André part faire son service militaire au 71ème Régiment d'Infanterie, à Guingamp.
En 1931, André trouve certainement du travail car sa tante écrit à sa mère : "je suis ravie de ce que tu nous dit d'André. Te voilà débarrassée d'un gros souci !! Il était impossible que ce gentil garçon ne tourne pas bien, un jour ou l'autre. Le voilà donc en bon chemin".
Le jeune homme reste néanmoins indépendant de sa famille. Il habite 5 rue Porte de Buc, puis 29 rue du Sud, à Versailles. C'est peut être cela qui justifie un refus d'allocation militaire au motif que "l'appelé n'est pas le soutien indispensable de sa famille" (27 juin 1933).

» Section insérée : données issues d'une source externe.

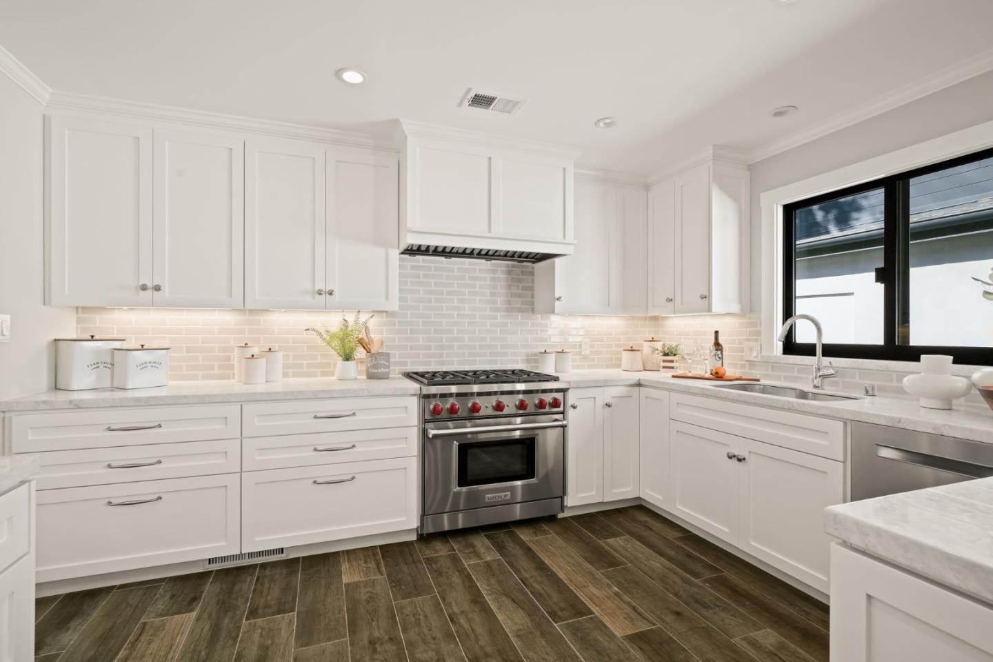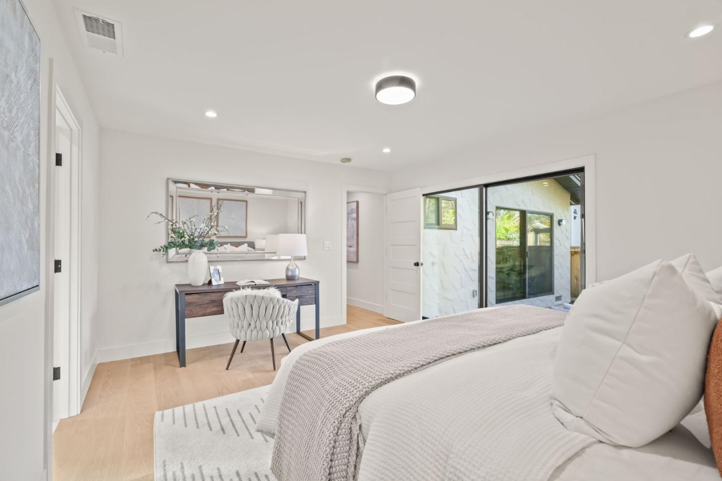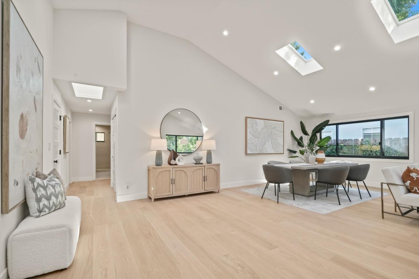 Stunningly remodeled West Menlo Park home has been thoughtfully rebuilt with premium finishes and clean, contemporary design. This single-level home is perfect for indoor-outdoor living. Expansive living/dining room showcases vaulted ceilings, skylights, and abundant natural light. Three bedrooms including the private. primary retreat with sliding doors to the backyard features an en-suite spa-like bathroom with dual sinks, oversized shower, and a walk-in closet. Two additional spacious bedrooms share a hall bath with dual sinks and designer finishes. The chef's kitchen boasts Sub-Zero/Wolf stainless steel appliances, quartz countertops, and white cabinetry, opening to a large family room with fireplace and seamless access to the private yard perfect for entertaining family and friends. Recent top-to-bottom renovation includes hardwood floors throughout, new plumbing, electrical, roof and HVAC with air conditioning. Two-car garage, prime walkable location near shops, restaurants on the Alameda, and top-rated Las Lomitas schools blending style, space, and location to perfection.

En 1933, il effectue une période de réserve, toujours au 71ème R.I, mais à Coëtquidan.
Le 8 mars 1933, la Compagnie SINGER lui délivre une carte de "placier encaisseur" pour sa succursale de Versailles, 15 rue du Maréchal Foch.
C'est aussi cette année qu'il rencontre Suzanne KUHN. Du moins si c'est elle qui se cache derrière les initiales S.K mentionnées par André BUISSON dans un courrier. En tout cas, une première lettre signée Suzanne date du 10 septembre 1933.

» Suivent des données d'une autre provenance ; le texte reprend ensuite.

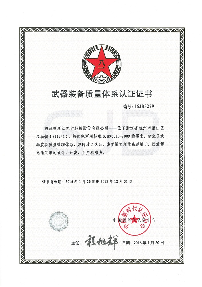 武器裝備質(zhì)量體系認(rèn)證證書
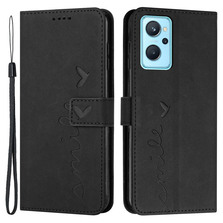 For Oppo A36/A76/K10 4G/Realme 9i Heart Shape Impact Resistant Imprinted Phone Case PU Leather Skin-touch Feeling Wallet Stand Feature Shell with Strap - Black
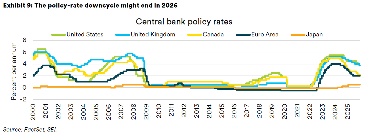 The conduct of monetary policy in 2025 mostly followed SEI’s expectations, with all major central banks except Japan engaging in multiple policy-rate reductions. We agreed with the Federal Open Market Committee’s (FOMC) assessment at the time that the federal funds rate would fall from a beginning-of-the-year level of 4.5% to about 4%. Following December’s reduction, the federal funds rate starts the new year in a range of 3.50% to 3.75%. We thought there was a chance that the Fed would not need to reduce the funds rate at all in 2025; it did drag its feet in doing so until September, intense rhetorical pressure from President Trump notwithstanding.
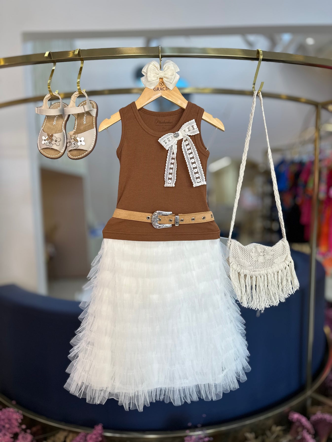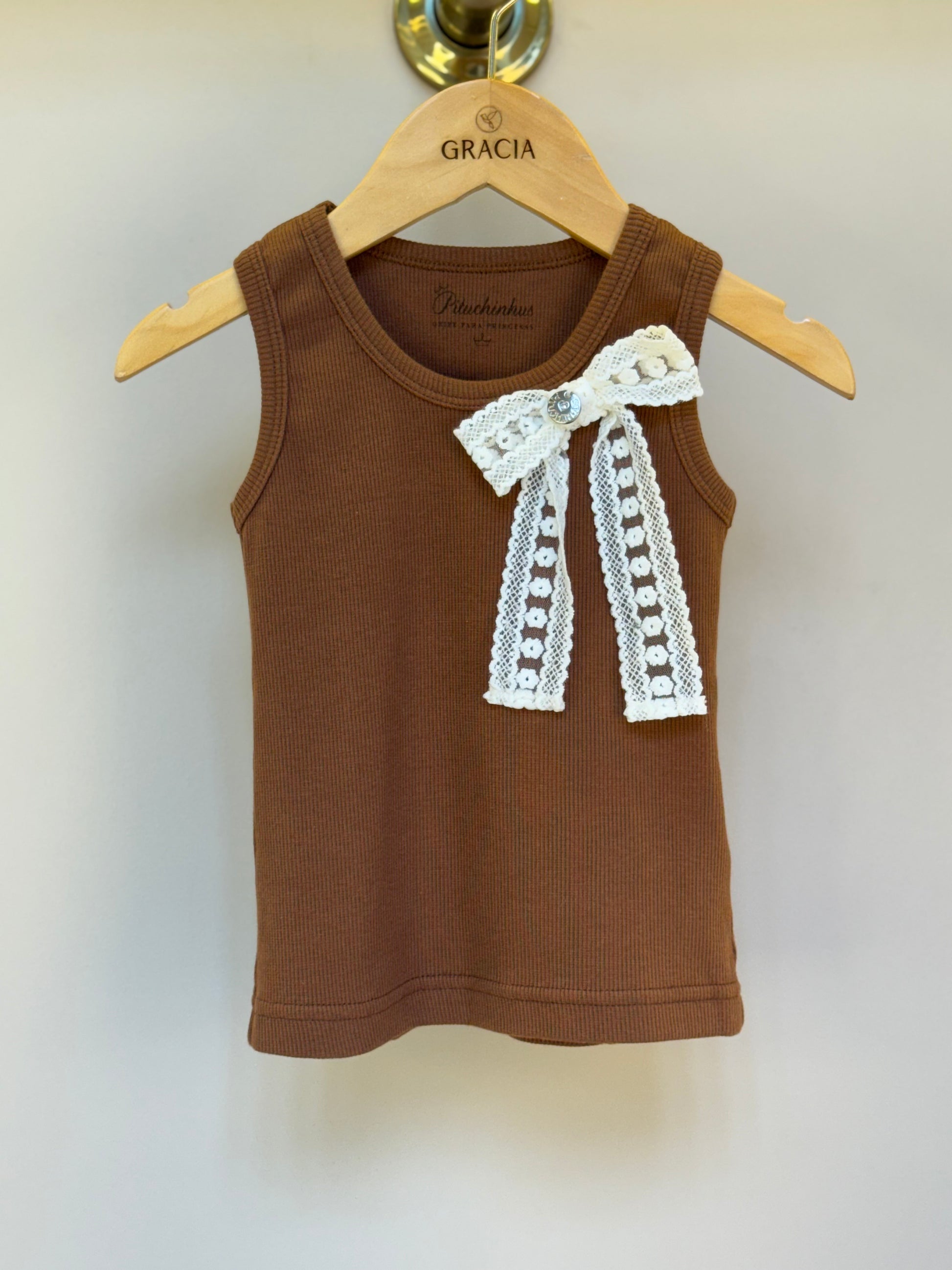 Regata Infantil Laço de Renda Marrom - Pituchinhus

Le 14 octobre, il est nommé Caporal de réserve.
En 1937, André s'installe à Paris, 137 rue Lamarck.
Son oncle, le Dr Henri CLERMONTHE, qui fait un peu fonction de tuteur, est installé tout près : 15 rue Damrémont.
André travaille alors dans l'entreprise LAVALETTE (électricité et moteurs automobile), à Saint Ouen.
Il est titulaire de la carte n°1509355 de la CGT (fédération des Dessinateurs, Techniciens et assimilés). Cette adhésion est renouvelée, au mois, en janvier et février 1938.
La vie parisienne a toujours attiré André qui fréquente beaucoup le monde du spectacle. Dans son carnet d'adresse, on trouve les coordonnées de Charles TRENET qui habite à deux pas de la rue Lamarck.
Marie DUBAS lui fait une chaude dédicace à l'occasion d'un spectacle où l'on retrouve un jeune fantaisiste débutant : Jacques TATI.
Plus tard, ami de l'acteur Maurice ESCANDE, André aura l'occasion de faire de la figuration dans "L'étrange Madame X" de Jean GREMILLON (1950) avec Michèle MORGAN.
En 1939, il adhère à la CSPF (Confédération des Syndicats Professionnels Français) sous le matricule n° 402108. Il en est même délégué du secteur automobile pour la région parisienne (carte n°1824).
Adrienne et les filles s'installent 41 rue de la paroisse, dans l'appartement qu'elles garderont jusqu'à la fin et ou vont s'entasser nombre des papiers sur lesquels s'appuie cette histoire.
André, est mobilisé à Rennes.
Le 6 avril 1940, André, sergent au 2ème RI reçoit une citation à l'ordre de l'Armée.
Blessé ensuite, il sera évacué sur Montauban, puis Agen avant d'être démobilisé.
Il s'installe alors à Paris, avec Suzanne et reprend son travail.
Jean Louis naît en 1943.
En 1945, il est toujours chez LAVALETTE, cette entreprise étant commercialement liée avec l'entreprise BOSCH bien avant guerre, André sera amené à faire de nombreux déplacements dans l'Allemagne occupée.
Cette année là, il apprend peut-être quelques chose sur ses racines Antillaises puisqu'il note dans son agenda : "aller à Pointe-à-Pitre" (29 juillet), puis "voir Tonton (Guadeloupe)" (26 septembre). A-t'il appris quelques chose ou ce projet est-il resté en suspens ? En tous cas il ne semblait pas avoir de souvenir à ce sujet à la fin de sa vie et il n'a jamais fait le voyage.
Martine, leur second enfant, naît le 26 décembre 1946.
Entre 1948 et 1950, il devient représentant chez STORR, rue Cardinet.
En 1950, il sera, quelques mois, représentant chez DENIS & GANDARD, équipement électrique pour automobiles (rue d'Abbeville).
De 1951 à 1973, il achève sa carrière en qualité de cadre administratif chez PECHINEY. Pour améliorer sa situation sociale, il s'inscrit à la faculté de Droit le 19 octobre 1955 mais nous ignorons s'il a terminé sa Capacité.
Dès la fin de la guerre, la famille se retrouve en vacances à La Bernerie en Retz (Loire Atlantique), non loin de Saint Brévin.
Quelques années plus tard, elle migre vers l'île d'Oleron où elle prend ses habitudes. Après plusieurs saisons en location, André décide d'acquérir un terrain et d'y édifier une maison.